4 minute read
CLAIRE CONSIDERS FINDING ANGELS by Rhett DeVane
“Finding Angels” (August 2025) by award-winning Florida author Rhett DeVane is a collection of short stories with a smattering of poetry that will lift readers’ spirits and perhaps even restore their faith in humankind. These days, that’s a tough task, but DeVane—long known and appreciated for her tender storytelling and witty, wise Southern sayings—is up to it. The stories in “Finding Angels” are impeccably written, kind, and compassionate. They brim with empathy and serve as a gentle roadmap for how we might all do better—with just a little more kindness.
While there are no spies, car chases, explosions, or grisly unsolved murders, that does not mean nothing happens in DeVane’s stories. Plenty happens. Much, in fact. These are gentle tales of everyday people facing conflicts, loneliness, and worries—the weary traveler seated beside a chatty stranger on a plane; the hard-working yet still poor woman feeding a ragged, hungry stranger at her door; the recent widow at a you-pick blueberry farm explaining why she’s gathering fewer berries this year; a dying man who meticulously bleaches his beard white to play Santa and is asked for a difficult gift; an orphaned kitten suddenly in a house with a big cat and a bigger dog—and many more. Yet, though faced with dilemmas and difficulties, the people and animals come through—with the help of each other and, maybe, angels.
In the collection, DeVane includes five poems and 45 short stories, some short enough to be akin to flash fiction. Her subtitle sums up the themes: “A Heartfelt Collection of Love, Laughter, and Hope.” In her introduction, she acknowledges: “Like so many saddened by the turmoil and division in our world, I wondered how to move forward with my writing.” In reviewing numerous pieces she had written, DeVane “spotted silken threads that knit them together.
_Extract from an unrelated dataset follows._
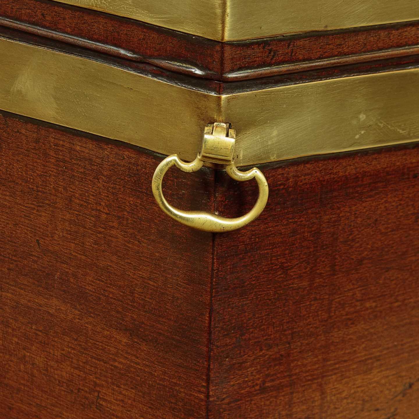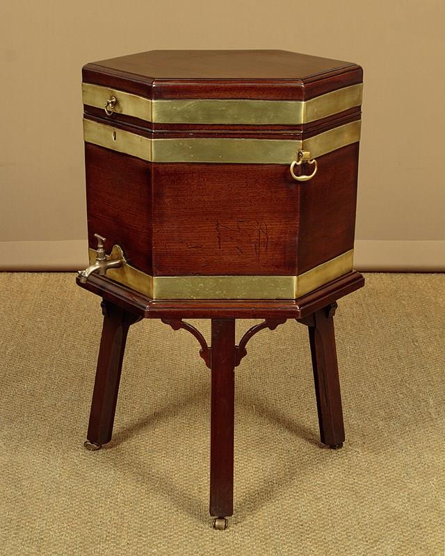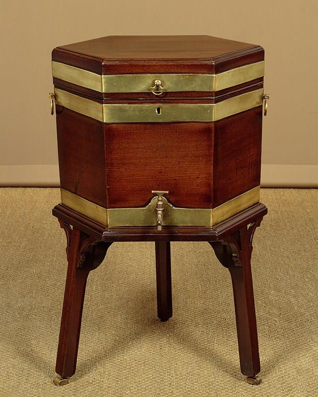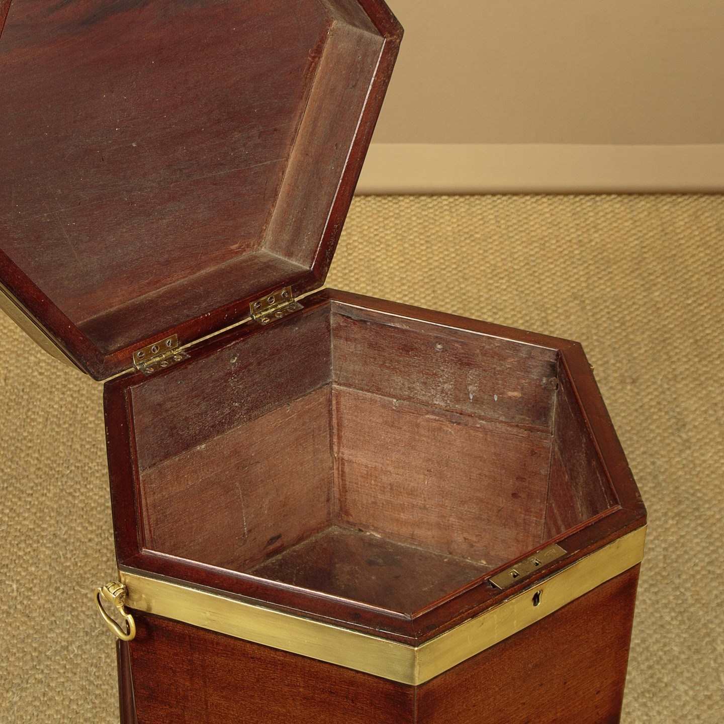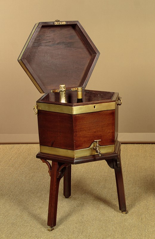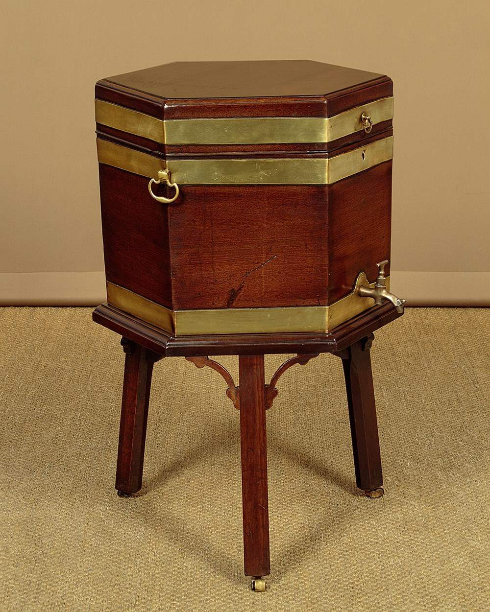 Large George III mahogany cellarette c.1800. Of tapering octagonal form with a useful flat-top opening to reveal space inside for 19 standard wine bottles (internal height 13"). Brass bindings around the lid and body, large carry handles at the sides and retaining the original drainage tap (the cellarette would originally have had a lead or zinc lining allowing bottles to be cooled in ice water). On a tripod stand with a moulded edge, legs splayed for stability with unusual pierced brackets at the tops and raised on the original brass barrel castors. Very good colour and condition, cleaned and waxed in our workshops.

Joy. Sadness. Forgiveness. Kindness. Trust.” In light of that, and combined with a “series of mystical events,” she hopes that by “honoring these common human experiences, we grasp the ways we are the same instead of focusing on differences.”
Long a celebrated master of spinning Southern wisdom and colloquialisms into her fiction, DeVane shows that skill many times over in Finding Angels. For example, in “Bird Chimes,” a very pregnant woman befriends her elderly neighbor, who says of her wild hair: “I’d twist it into a bun, but that makes me look older than a ghost granny’s panties.” In “Lake Shares,” a particularly lovely tale of a woman in her final days, the woman resists her son’s determination to keep her from walking to the grocery store and a nearby lake. She observes: “When a woman’s universe is reduced to five city blocks, only the Grim Reaper himself can stop her with a well-planted foot.” And in “Paint-by-Numbers Club,” where a total misunderstanding by a lonely foreign man leads to a surprising connection, DeVane writes: “Hemmed between the two women, Lar’s face holds the bewildered expression of a homecoming queen at a hog-calling contest: out of place and off-kilter.”
In an especially poignant story titled “Similar Snakes,” DeVane again demonstrates her mastery of wise yet humorous sayings and, in many ways, sums up the unifying theme of her collection. After spoiling a naughty prank, a father tells his mischievous daughter: “Don’t let the devil sitting on your shoulder tell you what’s what. Listen to the angel on the other shoulder. Always.”
All in all, Finding Angels is a warmly homespun book—entertaining, uplifting, and genuine and sure to be a comforting read for turbulent times. DeVane’s characters remind us that hope often arrives in the smallest, most human moments.
Fans of DeVane’s prior seven adult novels set in Chattahoochee, Florida, will find a few old friends like Piddie and Hattie among these short stories. And for readers who have not yet discovered this author, Finding Angels may be the perfect invitation into the community of dedicated Rhett DeVane fans.
The author, originally from Chattahoochee, now lives nearby in Tallahassee, Florida. In addition to her adult Southern fiction novels, DeVane writes Middle Grade and Young Adult fantasy series. Her works have earned numerous awards from the Tallahassee Writers Association, Florida Authors and Publishers Association, and the Florida Writers Association.